11. Ceza Dairesi 2017/3544 E. , 2018/7104 K.
"İçtihat Metni"MAHKEMESİ :Asliye Ceza Mahkemesi
SUÇ : Vergi Usul Kanununa muhalefet
HÜKÜM : Mahkumiyet
A) Sanıklar hakkında 2004 takvim yılında sahte fatura kullanma suçundan verilen mahkumiyet hükümlerine yönelik sanıklar müdafiinin temyiz itirazlarının incelenmesinde;
5237 sayılı Türk Ceza Kanunu’nun 7 ve 5252 sayılı Türk Ceza Kanununun Yürürlük ve Uygulama Şekli Hakkında Kanunun 9. maddeleri hükümleri karşısında; sanıklara yüklenen 2004 takvim yılında “sahte fatura kullanma” suçunun yasada gerektirdiği cezasının türü ve üst sınırına göre tabi olduğu, suç tarihinde yürürlükte bulunan ve lehe olan 765 sayılı TCK’nin 102/4 ve 104/2. maddelerinde öngörülen dava zamanaşımının, en son faturanın kullanıldığı tarihten, temyiz inceleme tarihine kadar gerçekleştiği anlaşılmış ve sanık müdafiinin temyiz itirazları bu itibarla yerinde görülmüş olduğundan, sair yönleri incelenmeyen hükmün 5320 sayılı Kanun’un 8/1. maddesi gereğince uygulanması gereken 1412 sayılı CMUK’nin 321. maddesi uyarınca BOZULMASINA; ancak yeniden yargılamayı gerektirmeyen bu hususta aynı yasanın 322. maddesinde öngörülen yetkiye dayanılarak karar verilmesi mümkün olduğundan sanıklar hakkındaki kamu davasının gerçekleşen zamanaşımı nedeniyle 765 sayılı TCK’nin 102/4, 104/2. ve 5271 sayılı CMK’nin 223/8. maddeleri uyarınca DÜŞMESİNE,
B) Sanıklar hakkında defter ve belge ibraz etmeme suçundan kurulan mahkumiyet hükümlerine yönelik sanıklar müdafiinin temyiz itirazlarının incelenmesinde;
1- Ayrıntıları Yargıtay Ceza Genel Kurulu"nun 09.06.1998, 1998/11-154 E., 1998/213 K. ve Dairemizin, 02.02.2012, 2011/11383 E., 2012/950 K. sayılı kararlarında açıklandığı üzere, VUK"nin 139. maddesine göre; vergi incelemeleri, esas itibarıyla incelemeye tabi olanın iş yerinde yapılır. İş yerinin müsait olmaması, ölüm, işin terk edilmesi gibi zaruri sebeplerle incelemenin yerinde yapılması imkansız olur veya mükellef ve vergi sorumluları isterlerse inceleme dairede yapılabilir. İş yeri faal olan mükelleflere gönderilen, defter ve belgelerin vergi dairesine getirilmesi yönünden yapılan tebligatlar usulüne uygun olmadığından suçun unsurları oluşmayacaktır.

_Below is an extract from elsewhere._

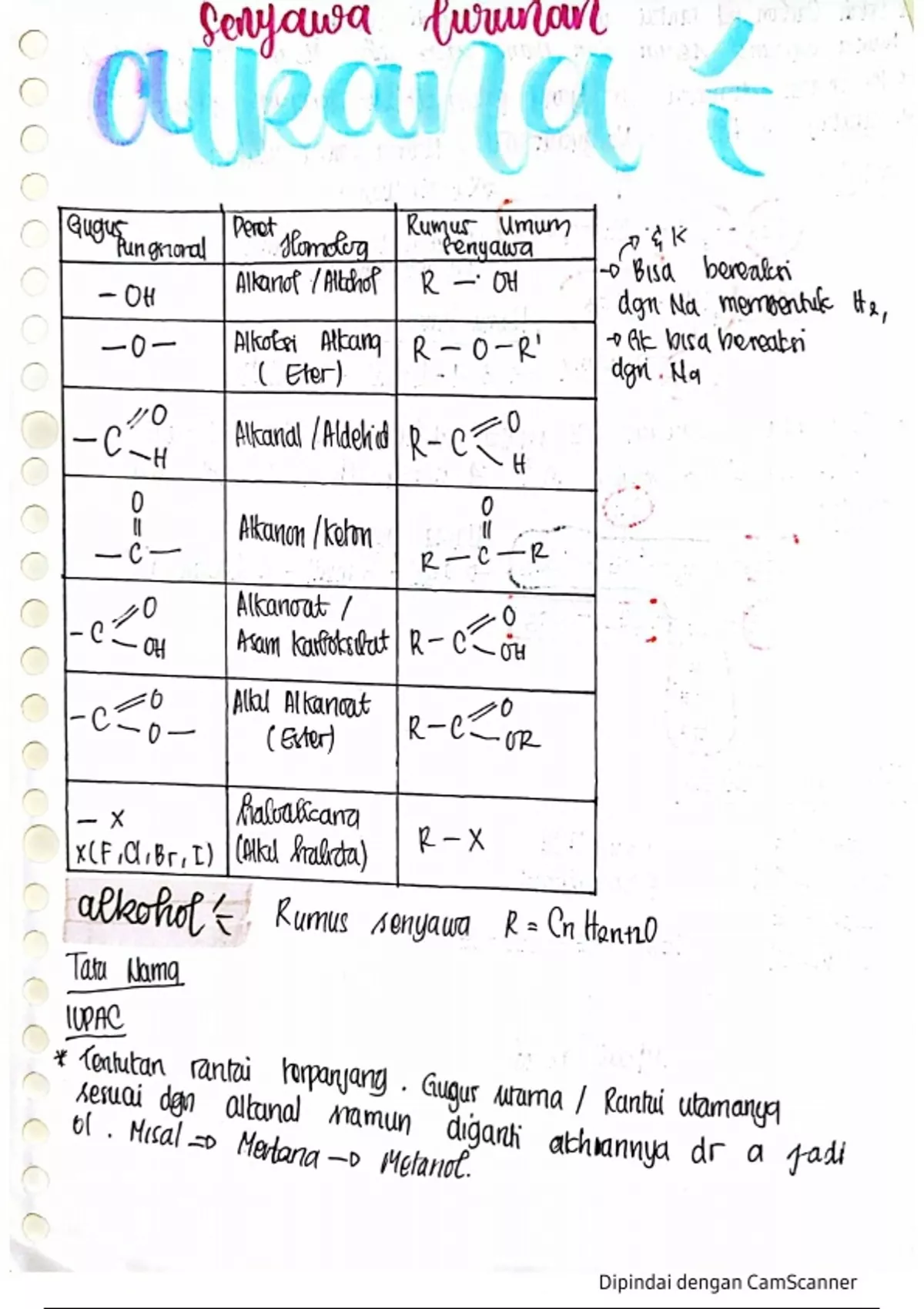 Catatan yang berisi tentang Senyawa Turunan Alkana secara lengkap dan mudah dipahami.

Somut olaya gelince, vergi denetmeni tarafından defter ve belgelerini ibraz etmesi için çıkarılan tebligatın sanıklardan ..."e 24.03.2009 tarihinde iş yeri adresinde yapıldığı, defter ve belgelerin incelenmek üzere ibrazı için denetmenlik adresine getirilmesinin istenerek sürecin mükellef aleyhine tersine çevrildiğinin anlaşılması karşısında; gerçeğin kuşkuya yer bırakmayacak şekilde tespiti açısından; hesapların dairede incelenmesine imkan veren 213 sayılı Kanunun 139/2. maddesindeki istisnalardan birinin varlığının önceden belirlenip belirlenmediğinin, iş yerinde faaliyetin devam edip etmediğinin incelemeyi yapan vergi denetmeninden sorulması, iş yeri dışında inceleme yapılmasına ilişkin bir tespiti varsa belgesinin dosyaya ibrazının istenmesi, aksi takdirde yapılan tebligatın hukuki geçerliliği bulunmadığından sanıkların beraatine karar verilmesi gerektiği gözetilmeden, eksik araştırma ile yazılı şekilde hüküm tesisi,
2- Kabule göre ise;
a- Defter ve belgelerini vergi incelemesine esas olmak üzere vaki istem üzerine merciine teslim etmediğinden bahisle eylemine uyan 213 sayılı Vergi Usul Kanununun 359/a-2. maddesi uyarınca cezalandırılması istemiyle kamu davası açılan sanıklar hakkında düzenlenen vergi inceleme raporunda somut bir zarara yer verilmediği, vergi ve cezaların eylemden doğan zarar niteliğinde bulunmadıkları anlaşılmaktadır. Şu halde sanık hakkında "defter ve belgeleri gizlemek" eylemi nedeniyle CMK"nin 231. maddesinde düzenlenen hükmün açıklanmasının geri bırakılması müessesesinin uygulanmasına engel oluşturabilecek somut bir zararın meydana geldiğinin kanıtlanamadığı cihetle, engel sabıkaları bulunmayan, sabıkasız geçmişleri nedeniyle hakkında takdiri indirim nedeni uygulanan ve hükmolunan hapis cezaları “yeniden suç işlemeyeceği” kanaatiyle ertelenen sanıklar hakkında, hüküm tarihinde yürürlükte bulunan 08.02.2008 günlü Resmi Gazetede yayımlanarak aynı tarihte yürürlüğe giren 5728 sayılı Kanun"un 562. maddesiyle değişik CMK"nin 231. maddesinin uygulanmaması,
b- Suç tarihinde yürürlükte bulunan, 08.02.2008 tarih ve 26781 sayılı Resmi Gazete’de yayımlanarak aynı gün yürürlüğe giren 5728 sayılı Kanun"un 276. maddesi ile değişik 213 sayılı Vergi Usul Kanunu’nun 359/a-2 maddesi gereğince, temel cezanın alt sınırının 1 yıl hapis cezası olduğu gözetilmeden ve teşdit nedeni de gösterilmeden 18 ay olarak uygulanması suretiyle fazla ceza tayini,
Yasaya aykırı, sanıklar müdafiinin temyiz itirazları bu itibarla yerinde görülmüş olduğundan, hükümlerin bu sebeplerden dolayı 5320 sayılı Kanun"un 8/1. maddesi gereğince uygulanması gereken 1412 sayılı CMUK"nin 321. maddesi uyarınca BOZULMASINA, 20.09.2018 tarihinde oy birliği ile karar verildi.